Besides very easy fitting no matter the hyperparameters I pick, the validation loss of ChebyKAN is significantly better (val logloss is about 0.67 for MLP and 0.55 almost on UDRL and cartpole). People say its because KAN is good at estimating simple functions, cartpole is not real data but a simplistic "game" after all (but then why the train loss is so high with MLP...).

This doesnt translate on RL performances though, I have similar performances, but I would blame biases of RL algorithms (like primacy bias) rather than the ML algorithm. Also someone else didn't have better results than MLP on cartpole with other types of KAN : https://github.com/riiswa/kanrl/issues/1#event-12741810791 (I prefer not to share my code because it is ugly).

SynodicMonth commented 6 months ago

I think this is a fairer test - https://gist.github.com/cwkx/b74c0e759471064e69436be287fe142e - it shows parameters (SIREN MLP uses less) and convergers faster. Obviously both sensitive to init at this small size.

That's really mindblowing. i havnt test siren yet but siren seems even better. I assume SIREN and KAN are more suitable because i use a test func with sin/cos in its fomula? (not sure). SIREN seems really interesting.

tbh they're so sensitive to initialization, i've been struggle to compare them properly. my fualt.

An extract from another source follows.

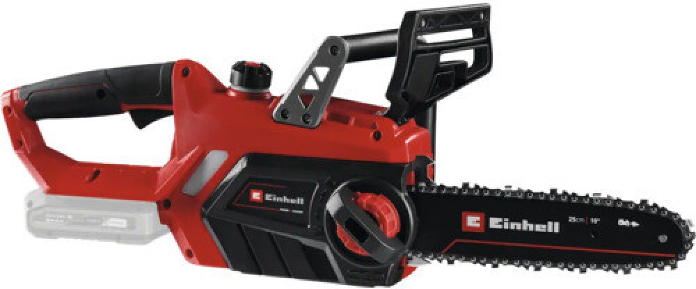 S lištou o délce 25 cm si pila poradí i s většími kusy dřeva. Napájení je zajištěno pomocí 18V systémových akumulátorů značky Einhell. Vhodné akumulátory s kapacitou 2 Ah a 4 Ah a příslušná nabíječka je rovněž součástí nabídky obchodu HORNBACH. Dohromady s 2Ah akumulátorem váží pila pouhých 3,4 kg.

SynodicMonth commented 6 months ago

That's good news! I'm quite doubt about KAN's ability now after several testruns on CV/NLP. It seems only capable in simple questions/fomulas. It probably wont replace mlp but might be useful in some simple physics senarios(?)

ChebyKAN is more close to LAN than the original KAN (as pointed by #3). Maybe its easier to train using adam.